Question

Let x, y, z be three positive real numbers in a geometric progression such that x < y < z. If 5x, 16y, and 12z are in an arithmetic progression then the common ratio of the geometric progression is

• A. 3/6
• B. 3/2
• C. 5/2
• D. 1/6

Answer 1

The Correct Option is C

Let x, y, z be three positive real numbers in a geometric progression, so we have the relations \( y = xr \) and \( z = xr^2 \). Given that 5x, 16y, and 12z are in an arithmetic progression, the differences between successive terms are equal. Therefore:

16y - 5x = 12z - 16y

Substitute \( y = xr \) and \( z = xr^2 \): 

16(xr) - 5x = 12(xr^2) - 16(xr)

Simplify the expression:

16xr - 5x = 12xr^2 - 16xr

Combine like terms:

32xr = 12xr^2 + 5x

Divide the entire equation by \( x \) (since x > 0):

32r = 12r^2 + 5

Rearrange the equation to form a standard quadratic equation:

12r^2 - 32r + 5 = 0

Use the quadratic formula, \( r = \frac{-b \pm \sqrt{b^2 - 4ac}}{2a} \), where \( a=12 \), \( b=-32 \), \( c=5 \).

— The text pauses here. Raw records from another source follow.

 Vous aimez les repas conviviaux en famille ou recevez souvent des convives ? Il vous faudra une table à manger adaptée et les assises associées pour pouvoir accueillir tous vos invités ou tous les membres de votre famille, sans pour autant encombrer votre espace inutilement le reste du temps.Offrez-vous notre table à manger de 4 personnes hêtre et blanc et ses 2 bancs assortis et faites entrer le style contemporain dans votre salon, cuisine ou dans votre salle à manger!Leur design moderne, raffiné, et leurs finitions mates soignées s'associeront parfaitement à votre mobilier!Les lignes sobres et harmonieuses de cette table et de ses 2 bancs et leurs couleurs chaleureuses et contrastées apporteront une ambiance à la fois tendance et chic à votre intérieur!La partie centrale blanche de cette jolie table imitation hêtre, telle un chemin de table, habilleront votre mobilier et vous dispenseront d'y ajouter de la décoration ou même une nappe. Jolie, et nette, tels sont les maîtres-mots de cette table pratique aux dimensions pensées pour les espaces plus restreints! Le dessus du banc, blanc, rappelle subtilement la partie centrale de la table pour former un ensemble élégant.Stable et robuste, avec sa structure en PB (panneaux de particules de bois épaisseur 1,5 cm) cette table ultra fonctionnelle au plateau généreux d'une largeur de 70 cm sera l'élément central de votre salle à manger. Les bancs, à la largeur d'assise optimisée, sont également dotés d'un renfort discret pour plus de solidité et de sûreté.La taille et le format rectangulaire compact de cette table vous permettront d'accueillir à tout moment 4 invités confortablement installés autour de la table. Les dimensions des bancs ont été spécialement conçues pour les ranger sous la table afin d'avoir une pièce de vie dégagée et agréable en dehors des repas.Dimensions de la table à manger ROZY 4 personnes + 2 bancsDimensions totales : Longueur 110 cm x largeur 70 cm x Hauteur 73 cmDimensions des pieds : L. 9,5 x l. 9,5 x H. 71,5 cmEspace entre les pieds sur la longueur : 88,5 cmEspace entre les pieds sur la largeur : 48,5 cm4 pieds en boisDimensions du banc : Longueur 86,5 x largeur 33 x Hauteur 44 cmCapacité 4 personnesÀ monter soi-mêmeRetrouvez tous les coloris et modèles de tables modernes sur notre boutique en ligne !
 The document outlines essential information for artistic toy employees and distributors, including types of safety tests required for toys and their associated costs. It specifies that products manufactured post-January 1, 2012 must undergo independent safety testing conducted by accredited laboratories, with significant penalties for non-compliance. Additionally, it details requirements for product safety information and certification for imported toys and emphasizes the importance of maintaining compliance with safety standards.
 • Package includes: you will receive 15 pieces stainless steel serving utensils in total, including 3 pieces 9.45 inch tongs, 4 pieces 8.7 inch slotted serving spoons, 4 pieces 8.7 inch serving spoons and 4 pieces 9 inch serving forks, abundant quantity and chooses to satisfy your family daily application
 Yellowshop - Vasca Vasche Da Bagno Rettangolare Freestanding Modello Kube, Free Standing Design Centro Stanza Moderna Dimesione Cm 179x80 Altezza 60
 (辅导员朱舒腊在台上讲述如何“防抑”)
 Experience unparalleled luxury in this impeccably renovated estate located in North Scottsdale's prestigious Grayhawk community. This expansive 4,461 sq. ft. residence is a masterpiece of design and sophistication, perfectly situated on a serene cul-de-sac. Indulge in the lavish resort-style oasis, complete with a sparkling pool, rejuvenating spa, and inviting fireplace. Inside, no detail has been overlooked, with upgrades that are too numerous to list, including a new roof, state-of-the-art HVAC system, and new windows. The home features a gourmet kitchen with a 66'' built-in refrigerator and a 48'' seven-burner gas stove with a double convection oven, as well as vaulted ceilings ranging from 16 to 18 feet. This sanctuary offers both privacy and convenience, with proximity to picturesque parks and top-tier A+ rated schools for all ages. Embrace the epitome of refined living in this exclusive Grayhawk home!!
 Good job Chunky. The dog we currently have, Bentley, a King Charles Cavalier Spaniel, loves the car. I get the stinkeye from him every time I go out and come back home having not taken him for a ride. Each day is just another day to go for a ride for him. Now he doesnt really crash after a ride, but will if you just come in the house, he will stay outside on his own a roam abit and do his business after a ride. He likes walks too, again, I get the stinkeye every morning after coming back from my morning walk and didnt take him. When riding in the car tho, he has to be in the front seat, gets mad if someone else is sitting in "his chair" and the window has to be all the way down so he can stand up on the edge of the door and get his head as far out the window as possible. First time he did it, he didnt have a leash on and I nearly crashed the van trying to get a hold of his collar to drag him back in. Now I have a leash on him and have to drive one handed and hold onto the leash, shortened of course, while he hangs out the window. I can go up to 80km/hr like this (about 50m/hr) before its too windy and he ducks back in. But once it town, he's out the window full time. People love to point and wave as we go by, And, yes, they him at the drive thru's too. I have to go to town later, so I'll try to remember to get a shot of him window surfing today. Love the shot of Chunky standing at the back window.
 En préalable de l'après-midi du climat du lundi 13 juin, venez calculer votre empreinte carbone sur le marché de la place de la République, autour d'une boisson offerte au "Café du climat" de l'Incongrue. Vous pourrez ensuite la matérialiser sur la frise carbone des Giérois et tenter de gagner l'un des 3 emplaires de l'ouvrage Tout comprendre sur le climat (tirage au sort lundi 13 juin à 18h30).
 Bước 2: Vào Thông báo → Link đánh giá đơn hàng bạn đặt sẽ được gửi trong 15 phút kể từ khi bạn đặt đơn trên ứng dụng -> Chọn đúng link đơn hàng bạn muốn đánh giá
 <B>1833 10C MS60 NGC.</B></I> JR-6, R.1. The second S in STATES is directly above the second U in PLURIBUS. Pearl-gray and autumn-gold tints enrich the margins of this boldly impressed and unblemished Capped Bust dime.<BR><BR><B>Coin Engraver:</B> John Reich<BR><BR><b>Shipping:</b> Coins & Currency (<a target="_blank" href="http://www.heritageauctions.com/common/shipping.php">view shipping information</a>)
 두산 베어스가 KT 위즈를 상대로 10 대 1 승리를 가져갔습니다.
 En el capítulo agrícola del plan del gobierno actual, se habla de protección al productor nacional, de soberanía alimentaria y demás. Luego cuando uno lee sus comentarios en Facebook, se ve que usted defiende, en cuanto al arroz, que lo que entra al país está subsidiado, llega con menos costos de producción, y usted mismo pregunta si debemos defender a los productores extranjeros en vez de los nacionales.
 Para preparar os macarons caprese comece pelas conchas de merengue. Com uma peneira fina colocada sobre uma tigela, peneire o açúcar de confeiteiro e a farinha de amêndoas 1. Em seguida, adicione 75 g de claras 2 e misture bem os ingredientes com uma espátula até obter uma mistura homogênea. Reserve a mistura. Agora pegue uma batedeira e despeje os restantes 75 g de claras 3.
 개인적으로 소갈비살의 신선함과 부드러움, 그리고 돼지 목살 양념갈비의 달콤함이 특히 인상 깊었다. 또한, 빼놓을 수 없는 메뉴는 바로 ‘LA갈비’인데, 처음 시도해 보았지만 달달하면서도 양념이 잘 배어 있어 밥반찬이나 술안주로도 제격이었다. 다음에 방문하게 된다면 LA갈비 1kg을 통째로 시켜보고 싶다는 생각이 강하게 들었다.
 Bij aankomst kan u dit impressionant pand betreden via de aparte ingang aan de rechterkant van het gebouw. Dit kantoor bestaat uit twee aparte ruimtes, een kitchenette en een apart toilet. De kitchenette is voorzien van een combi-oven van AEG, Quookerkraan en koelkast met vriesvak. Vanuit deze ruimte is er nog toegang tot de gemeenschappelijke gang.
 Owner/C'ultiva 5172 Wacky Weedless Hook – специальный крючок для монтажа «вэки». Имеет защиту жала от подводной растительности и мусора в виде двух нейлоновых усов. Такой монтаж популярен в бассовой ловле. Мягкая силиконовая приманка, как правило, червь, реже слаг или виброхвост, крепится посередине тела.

Calculate the discriminant: \( b^2 - 4ac = (-32)^2 - 4 \cdot 12 \cdot 5 = 1024 - 240 = 784 \)

\( \sqrt{784} = 28 \)

Plug the values into the quadratic formula:

\( r = \frac{-(-32) \pm 28}{2 \cdot 12} = \frac{32 \pm 28}{24} \)

Calculate the possible values for r:

\( r_1 = \frac{32+28}{24} = \frac{60}{24} = \frac{5}{2} \)

\( r_2 = \frac{32-28}{24} = \frac{4}{24} = \frac{1}{6} \)

Since \( x < y < z \), \( r \) must be greater than 1, so the common ratio of the geometric progression is \( \frac{5}{2} \).